TASK - Begin your copy at the line holding "Chaleco de Tirantes" and end it at the last line of the listing. Keep every line exact and leave out the pictures.

COLLECTED MATERIAL -
━━━━━━━━

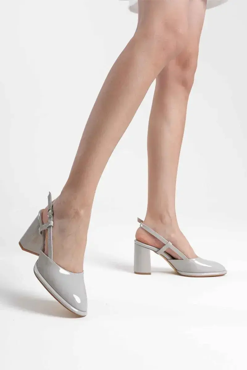 Gri Rugan Kadın Topuklu Ayakkabı BUCCA18MS18D
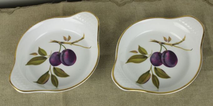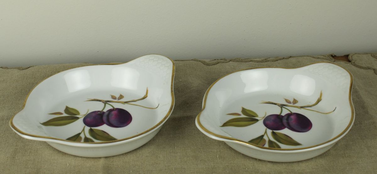 Set van twee ovenschaaltjes.Royal Worchester Evesham oven to table ware. Superleuk voor een crumble of ander dessert wat in de oven moet. Diameter zonder oren 14 cm. De prijs is voor de set van 2 stuks.
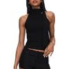 Chaleco de Tirantes para Mujer 2025 Estilo Europeo y Americano Estampado de Letras Línea Slim Color Empalmado sin Mangas Pulóver
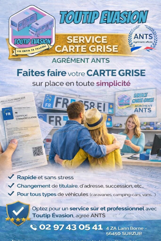 REF00104 Professionnel TOUTIP ÉVASION, spécialiste caravane, camping-car et van d’occasion, basé à ZA Lann Borne – 56450 Surzur (proche Vannes,

━━━━━━━━

EXERCISE OUTPUT -
 Chaleco de Tirantes para Mujer 2025 Estilo Europeo y Americano Estampado de Letras Línea Slim Color Empalmado sin Mangas Pulóver
 REF00104 Professionnel TOUTIP ÉVASION, spécialiste caravane, camping-car et van d’occasion, basé à ZA Lann Borne – 56450 Surzur (proche Vannes,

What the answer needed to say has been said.